I release a long breath, looking out over the water and praying I don't mess this up. I'm really, really not the one he should be talking to about this, but he clearly needs to talk. I think ruefully of all the emotions I dumped at the feet of Fost over the years and figure this is his revenge from the great big lake in the sky.
"You're allowed to have feelings, Anders. We all are. And we can't really control them, anyway. We feel what we feel," I say, internally wincing at how cliché I sound. "Does that make sense?"
"Not really."
I huff out a laugh. "Yeah. You're right. I don't know what I'm talking about. I dumped my last boyfriend by throwing up on him."
Anders snickers. "That's disgusting."
"Super gross," I agree.
"But you think it's okay I'm mad at my mom?"
"Yes. I do. You're hurt and she isn't here. That's fair. But I would call her."
"No thanks."
I don't push it, but I make a mental note to see if maybe Joe should pass on the message to Kiley to call him. After all, it's not Anders's job to be the one to reach out. But just as quickly, I shake off the thought. I'm not involved, and I don't need to be inserting myself into this family. It's one thing for Anders to pour his heart out. He's my fishing partner. It's a whole other thing to start mediating parental duties.

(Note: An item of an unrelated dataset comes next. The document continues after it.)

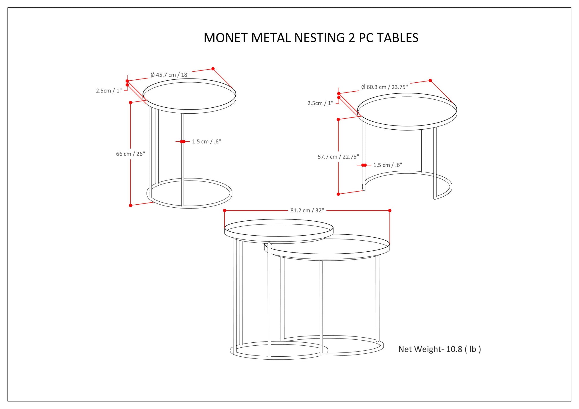 - Dimensions: Tall Table Size: 18" dia. X 26" H Short Table Size: 23.75" dia x 22.75 H "

"Okay. That's your choice."
"I think I want to just fish for a while, Maren, okay? I'm done talking about it."
"Of course," I say, picking up my pole. "I'm here whenever. Let's catch a few more before we have to go in."
And we do—we cast and reel and cast and reel and Anders doesn't say another word about his family.
But I don't stop thinking about them. About Kiley most of all, and wondering how on earth she could walk away from them. I don't know much about anything when it comes to love and marriage and kids and family, but I already know I'm going to have a terrible time leaving my new fishing partner when I'm done here.